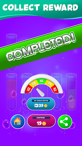 The game gets more challenging as you progress, with more tubes, containers, and colors to sort.
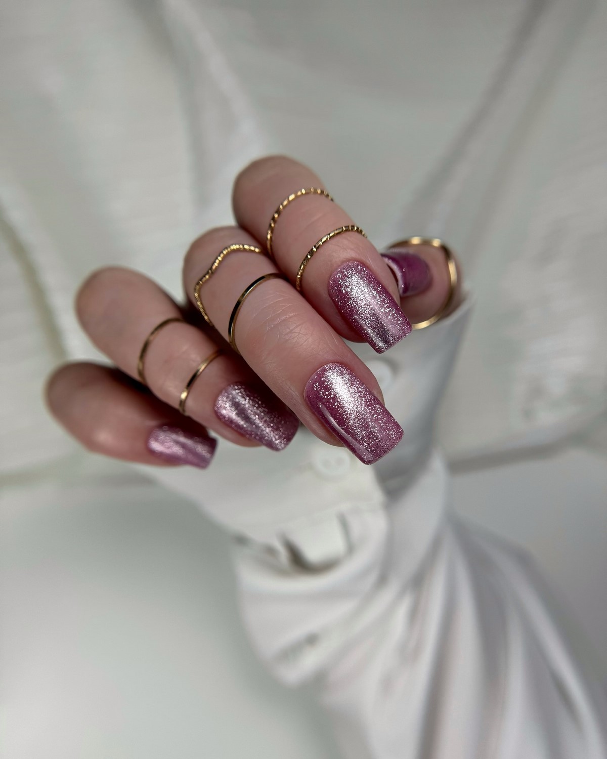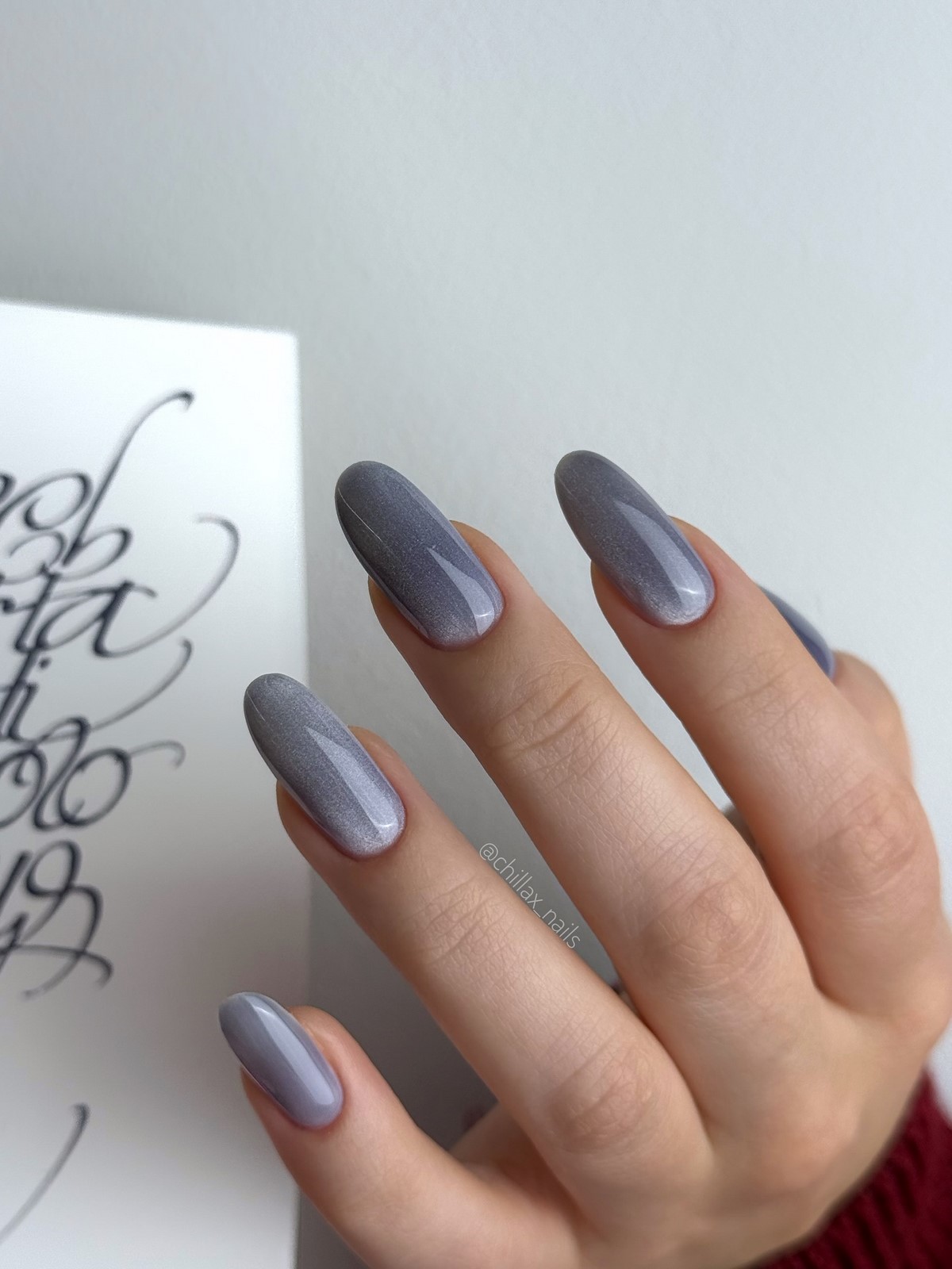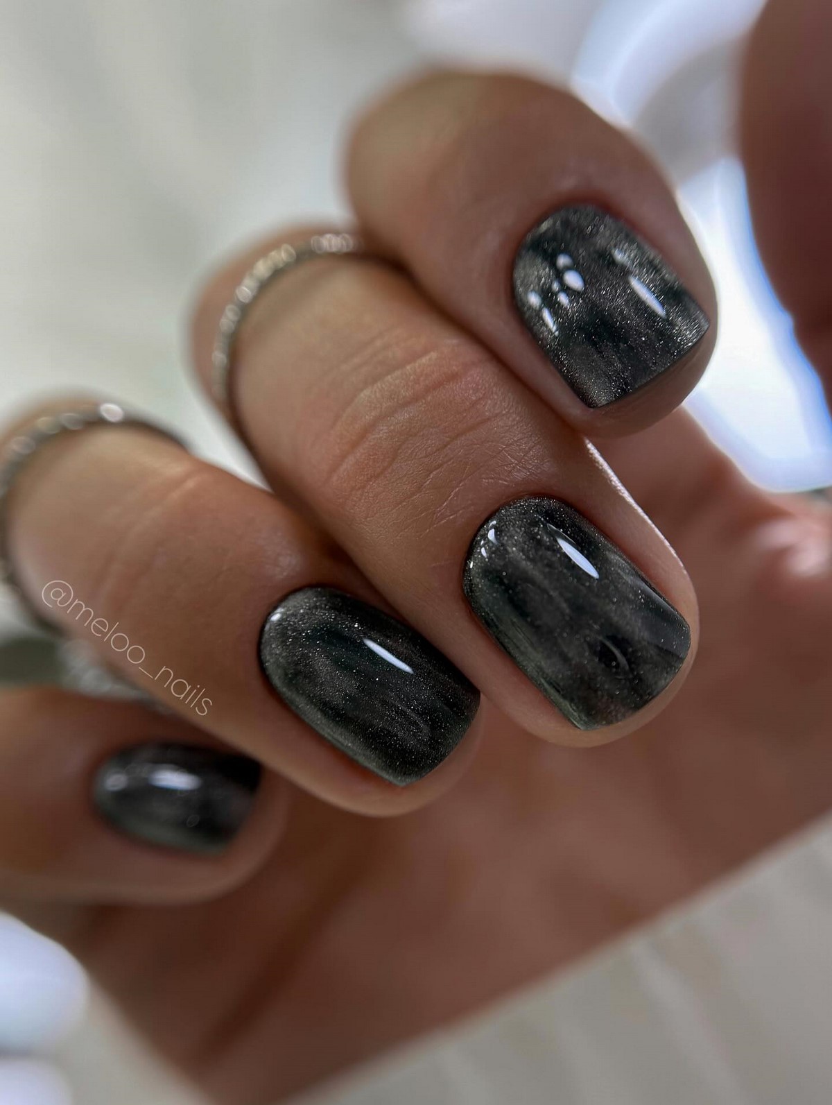 Ефект «Котяче око» переживає новий пік популярності завдяки поліпшеним магнітним гель-лакам, що створюють більш глибоке і живе сяйво. У грудні тренд тримається на холодних відтінках: синьому, сталевому, крижаному зеленому.
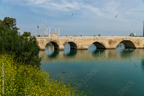 © mehmetkrc, Naklejka premium The Stone Bridge and Sabanci Mosque, Adana, Turkey
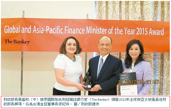 Banker)雜誌頒發2015年全球與亞太地區最佳財政部長。
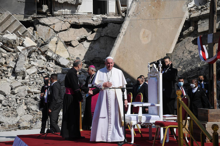 In precedenza a Mosul, nel nord dell’Iraq, il pontefice ha pregato per le vittime della guerra e dei conflitti armati. «Qui a Mosul le tragiche conseguenze della guerra e delle ostilità sono fin troppo evidenti. Com’è crudele che questo Paese, culla di civiltà, sia stato colpito da una tempesta così disumana, con antichi luoghi di culto distrutti e migliaia e migliaia di persone, musulmani, cristiani, yazidi che sono stati annientati dal terrorismo e altri sfollati con la forza o uccisi!. Oggi, malgrado tutto, riaffermiamo la nostra convinzione che la fraternità è più forte del fratricidio, che la speranza è più forte della morte, che la pace è più forte della guerra».
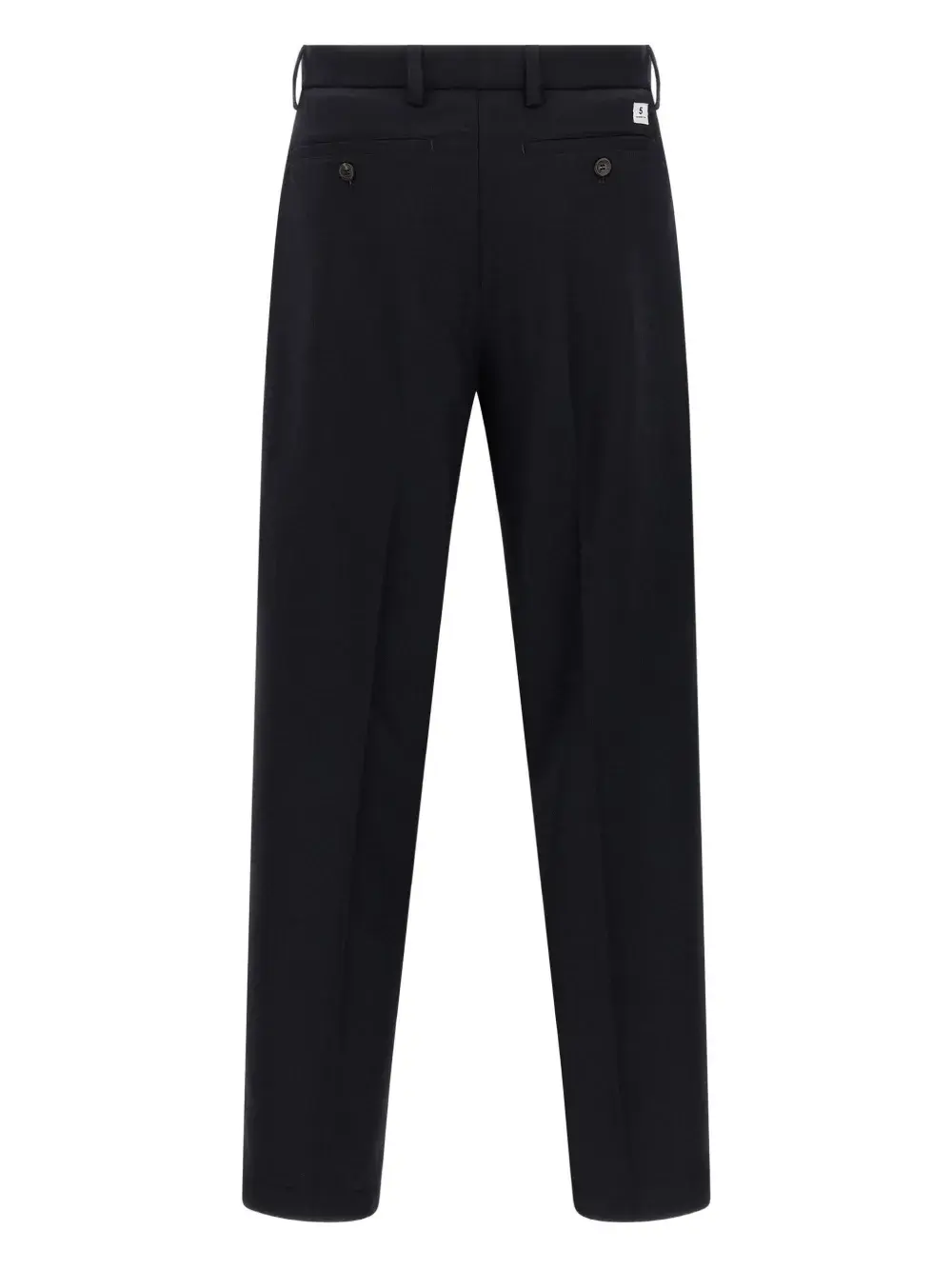 Синие застежка-молния и пуговица, защипы, отутюженные складки, карманы
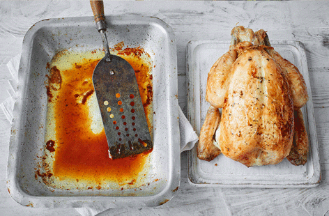Un simple poulet rôti peut être rehaussé d’une nouvelle saveur avec une sauce de choix. Mélangez de la farine au jus de viande et aux morceaux de peau caramélisés restés dans la rôtissoire pour obtenir une sauce simple. Ajoutez-y une bonne dose de vin ou de sherry, éventuellement du lard fumé frit ou des ingrédients tels que de la sauge, du citron, de la carotte ou des feuilles de laurier.
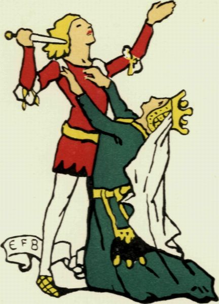 After this lament Fleur arose, and drawing a golden stilus from its case, he said, 'This stilus, her parting gift, and all now left to me of Blanchefleur, shall be my comfort by taking me from a world in which without her I cannot bear to live.' So saying, Fleur would have stabbed himself to the heart with the golden stilus, but the Queen his mother tore it from his hand, crying: 'What madness were it to lose your life for love! Be well assured that never thus could you come to Blanchefleur in her flowery meads; rather would you be sent to dwell in eternal grief and pain with Pyramus and Thisbe, who for a like offence were condemned to seek forever the comfort that they shall never find in love: take heart, therefore, my child, for I have skill to call your Blanchefleur back to life.'
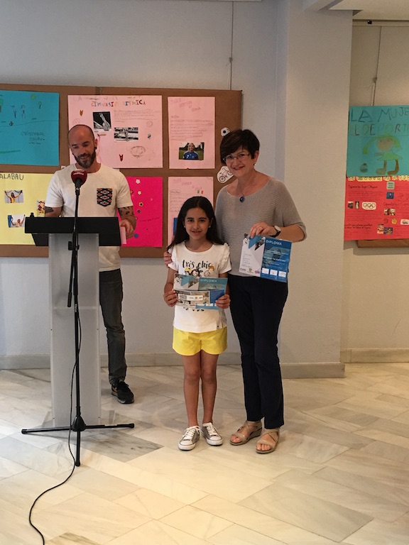 La alumna de 5º de EP Claudia Antón recibió ayer el primer premio del III Concurso de Murales por la Igualdad centrado este año en "La Mujer en el Deporte", convocado por la Concejalía de Igualdad.
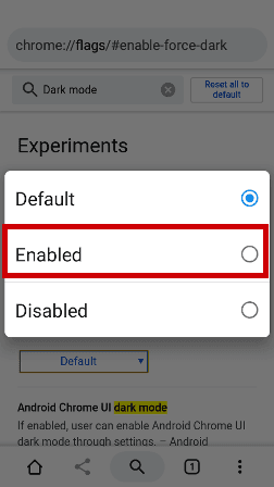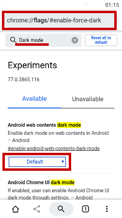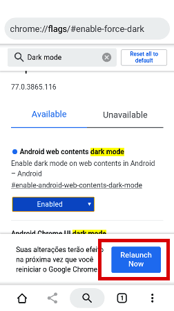 Abra o navegador do Google Chrome no seu dispositivo móvel e digite na barra do endereço “chrome: // flags / # enable-force-dark” toque em “Ir“. Na página Experiments, digite “Dark mode” na caixa de pesquisa. No primeiro resultado “Android web contents dark mode” toque em “Default” para abrir o pop-up.
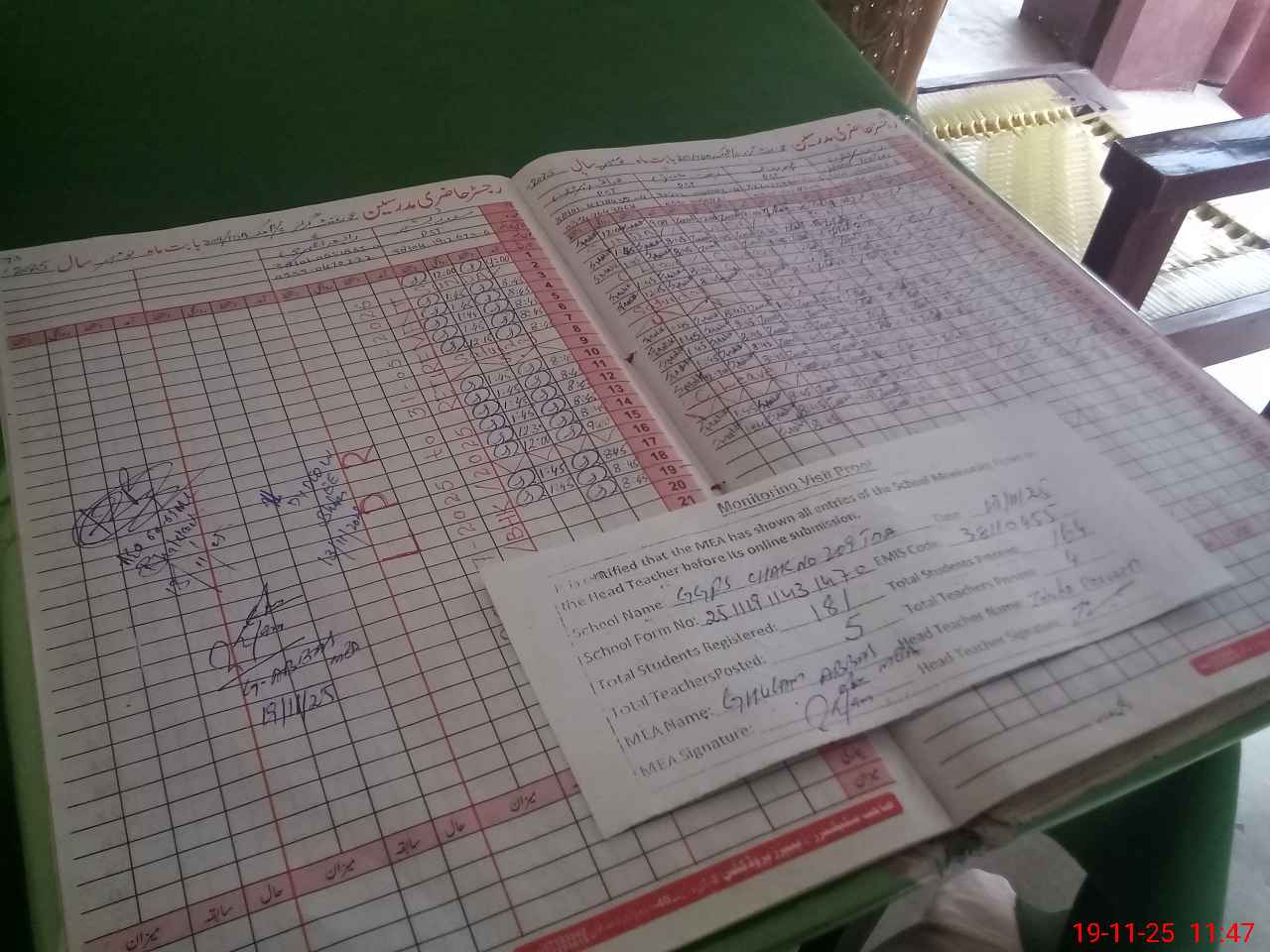 | Remarks (Use Separate Page if Required): Last seen by Name Naheed kousar Designation DDEO Date 13 Nov 2025 | |||||

* * * * *

» PROBLEM:
Of the records above, print only the lines from the one containing "Un simple poulet" through the one containing "La alumna de", inclusive and unaltered, leaving out pictures.

» RESULT OF THIS TASK:
Un simple poulet rôti peut être rehaussé d’une nouvelle saveur avec une sauce de choix. Mélangez de la farine au jus de viande et aux morceaux de peau caramélisés restés dans la rôtissoire pour obtenir une sauce simple. Ajoutez-y une bonne dose de vin ou de sherry, éventuellement du lard fumé frit ou des ingrédients tels que de la sauge, du citron, de la carotte ou des feuilles de laurier.
 After this lament Fleur arose, and drawing a golden stilus from its case, he said, 'This stilus, her parting gift, and all now left to me of Blanchefleur, shall be my comfort by taking me from a world in which without her I cannot bear to live.' So saying, Fleur would have stabbed himself to the heart with the golden stilus, but the Queen his mother tore it from his hand, crying: 'What madness were it to lose your life for love! Be well assured that never thus could you come to Blanchefleur in her flowery meads; rather would you be sent to dwell in eternal grief and pain with Pyramus and Thisbe, who for a like offence were condemned to seek forever the comfort that they shall never find in love: take heart, therefore, my child, for I have skill to call your Blanchefleur back to life.'
 La alumna de 5º de EP Claudia Antón recibió ayer el primer premio del III Concurso de Murales por la Igualdad centrado este año en "La Mujer en el Deporte", convocado por la Concejalía de Igualdad.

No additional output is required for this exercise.